Records for this exercise -
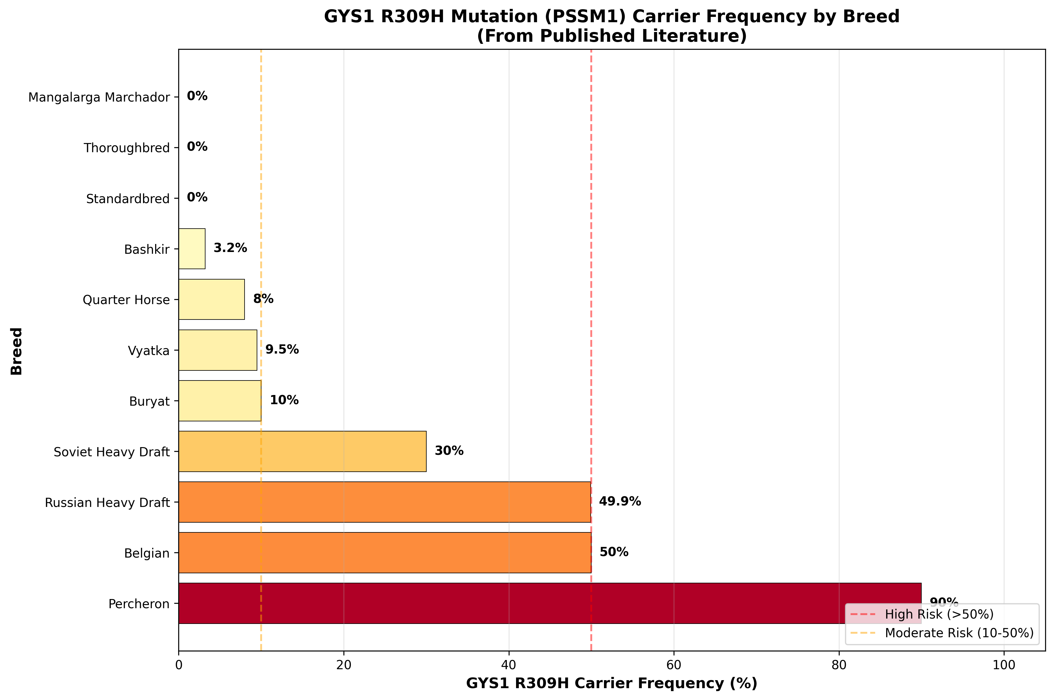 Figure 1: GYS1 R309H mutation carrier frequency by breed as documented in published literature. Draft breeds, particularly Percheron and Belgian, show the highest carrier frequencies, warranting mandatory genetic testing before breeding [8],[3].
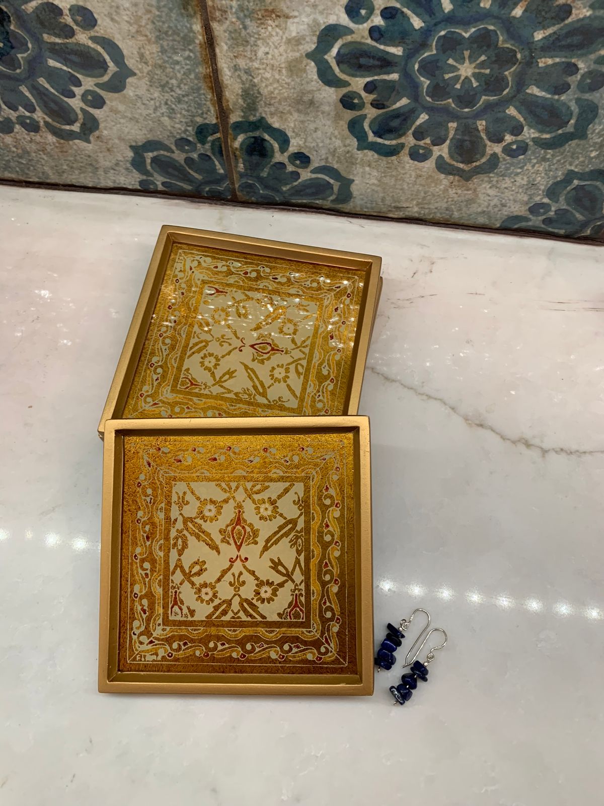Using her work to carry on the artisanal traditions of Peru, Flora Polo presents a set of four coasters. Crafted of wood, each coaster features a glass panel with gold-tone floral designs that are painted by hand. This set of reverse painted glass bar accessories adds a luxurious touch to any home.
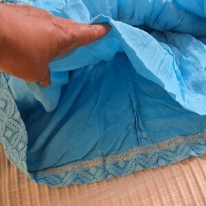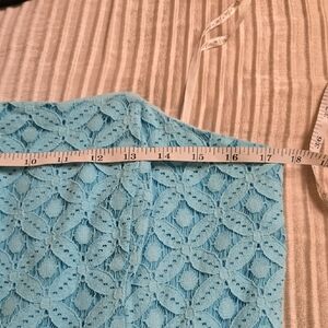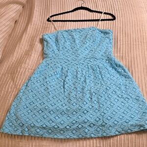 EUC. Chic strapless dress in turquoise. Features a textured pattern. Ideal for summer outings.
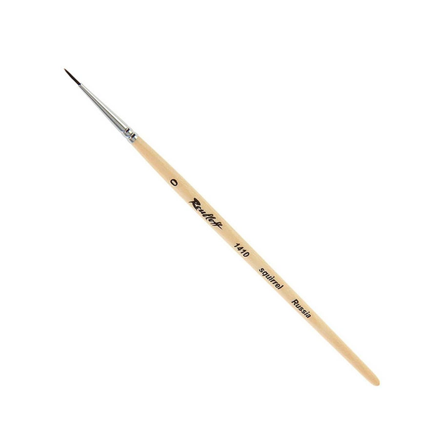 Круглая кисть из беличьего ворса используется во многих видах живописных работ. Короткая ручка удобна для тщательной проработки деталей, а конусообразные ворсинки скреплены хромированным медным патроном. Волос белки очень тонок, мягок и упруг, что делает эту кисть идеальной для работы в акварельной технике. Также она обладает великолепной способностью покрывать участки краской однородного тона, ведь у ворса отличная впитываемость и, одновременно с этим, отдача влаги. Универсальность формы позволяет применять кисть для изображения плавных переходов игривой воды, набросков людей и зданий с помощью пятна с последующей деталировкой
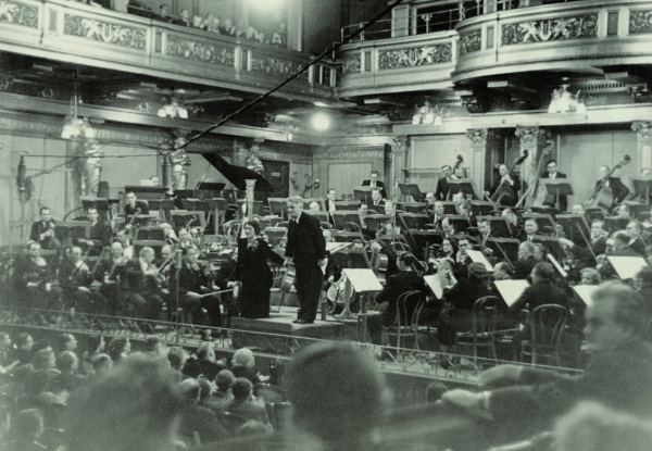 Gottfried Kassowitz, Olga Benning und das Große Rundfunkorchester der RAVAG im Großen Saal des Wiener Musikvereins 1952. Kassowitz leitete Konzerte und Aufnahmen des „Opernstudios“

Assignment - Print each entry exactly, leaving pictures out.

Task answer -
 Figure 1: GYS1 R309H mutation carrier frequency by breed as documented in published literature. Draft breeds, particularly Percheron and Belgian, show the highest carrier frequencies, warranting mandatory genetic testing before breeding [8],[3].
Using her work to carry on the artisanal traditions of Peru, Flora Polo presents a set of four coasters. Crafted of wood, each coaster features a glass panel with gold-tone floral designs that are painted by hand. This set of reverse painted glass bar accessories adds a luxurious touch to any home.
 EUC. Chic strapless dress in turquoise. Features a textured pattern. Ideal for summer outings.
 Круглая кисть из беличьего ворса используется во многих видах живописных работ. Короткая ручка удобна для тщательной проработки деталей, а конусообразные ворсинки скреплены хромированным медным патроном. Волос белки очень тонок, мягок и упруг, что делает эту кисть идеальной для работы в акварельной технике. Также она обладает великолепной способностью покрывать участки краской однородного тона, ведь у ворса отличная впитываемость и, одновременно с этим, отдача влаги. Универсальность формы позволяет применять кисть для изображения плавных переходов игривой воды, набросков людей и зданий с помощью пятна с последующей деталировкой
 Gottfried Kassowitz, Olga Benning und das Große Rundfunkorchester der RAVAG im Großen Saal des Wiener Musikvereins 1952. Kassowitz leitete Konzerte und Aufnahmen des „Opernstudios“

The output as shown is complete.